Deathwatch - local airports could crash during the recession

11 April 2009

It's all very well jetting off to Magaluf for a tenner, but Ryanair and the likes still need places to land their planes - unless they make it a requirement for passengers to provide their own runway which, giving Michael O'Leary's recent comments, doesn't seem too far fetched. Still, short of taking off from the M1 and establishing passport control at Little Chef, planes will need airports, and that could soon be a problem.

The Airport Operators Association has warned that passenger numbers dropped by 15% last month. Those numbers sound manageable until you look at individual sites - passenger numbers dropped by 70% at Blackpool Airport and were halved at Durham Tees Valley.

According to the BBC, this has led to tit-for-tat in-fighting between airports and budget airlines. Airports have begun introducing fees to fast-track passengers through security, while Blackpool and Norwich now charges a mandatory airport development fee per passenger. Budget airlines believe the charges are driving more passengers away and are threatening to abandon airports that charge trumped-up fees. Easyjet says it withdrew services from Warsaw after excess fees were brought in, and is threatening to do the same again in the UK.

But is a nominal fee really a deal-breaker when booking flights? Or is it the constant succession of small fees throughout the booking process (many of which are levied by the airline) that eventually turn you off flying, especially when a family trip means multiple charges? Would you be happy to pay a £20 charge to fly your family from your local airport, or would you prefer to drive to the nearest regional airport instead? Would the world really miss Blackpool or Durham Tees Valley, when the alternatives (Manchester or Newcastle) would mean more choice and lower fares? Let us know what you think.
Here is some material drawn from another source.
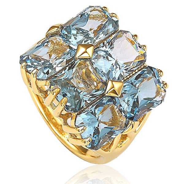 Suzy Levian 14k Gold plated Sterling Silver Emerald-cut Cubic Zirconia Ring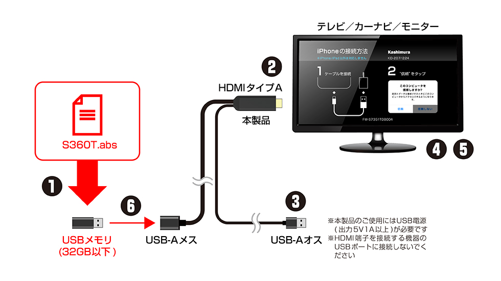 1.USBメモリに指定のアップデートファイル (S360T.abs) を保存してください。

TOPICS:   High Street News   Travel


  • Joff
    It seems that most of the usable routes for short breaks across Europe are now operated by budget airlines, so whilst you might be flying out of Stanstead or *shudder* East Midlands it's likely you'll be flying into another country's Blackpool. It's of no interest to me to fly out of Gatwick into another capital city airport, only to then have to travel for hours at the other end to get to my final destination. Do the regional airports really offer better choice? Maybe in the gift shops and restaurants but what about for flights into the crappy destinations normally overlooked by anyone bar business travellers. I don't mind paying a bit towards fees providing the service is good, something I think some of the budget airlines have forgotten. People begrudge paying to queue jump with Ryan Air, only to find that over 60% of the flight has done the same thing (soon you'll be able to queue queue jump, queue queue queue jump and maybe even just "jump") but if the experience was a no frills yet happy one, you'd get no complaints (from me anyway).
  • Anon
    Newcastles choice of destinations is crap, unless you want to go to Spain.
  • Deb
    Cardiff international airport is one of the biggest wastes of space i have ever seen. most of the larger airlines have now dropped it and even the baggage handling company they were using has quit due to the lack of airlines using them. The only place you can fly to via Cardiff is Spain, All the other destinations have now been dropped, up until last year you could fly to most of the USA, Canada, most of Europe but not anymore, Bristol isnt much better. Cardiff airport is/was REALLY REALLY expensive to fly from.
  • Mr S.
    I wouldn't mind travelling a taxiable distance. Until trains etc. become a practical choice at more airports, the problem comes when you start spending most of the money you save on the flight in car parking fees and fuel.
  • andy y.
    The bread of most regional airports was the Heathrow run, that ws killed by BAA's shameful single landing fee which made regional routes uneconoimic. This had a knock on effect of attracting investment into regional economies.Industry execs want fast connections into major cities.The butter was holiday cahrter fights,these have been undercut by the budget airlines that come and go at will. Until the economy.Add inti the mix the strong euro/weak pound and a consumer nervous to committ to pricey trips and the outlook for smaller airports is just piss poor
  • Wilko
    "Newcastles choice of destinations is crap, unless you want to go to Spain." ----------------------------------------------------------------------------- Yeah, but Durham Tees Valley is worse. It's little more than a bus station, for God's Sake.
  • andy y.
    Shit I should check my syntax .speling and gramma b4 posting
  • toots
    Posted by Wilko | April 12th, 2009 at 11:29 am “Newcastles choice of destinations is crap, unless you want to go to Spain.” Remember u can still fly to dubai on Emirates from Newcastle and connect to a load of countries from there. So newcastle is no where as crap as the other options.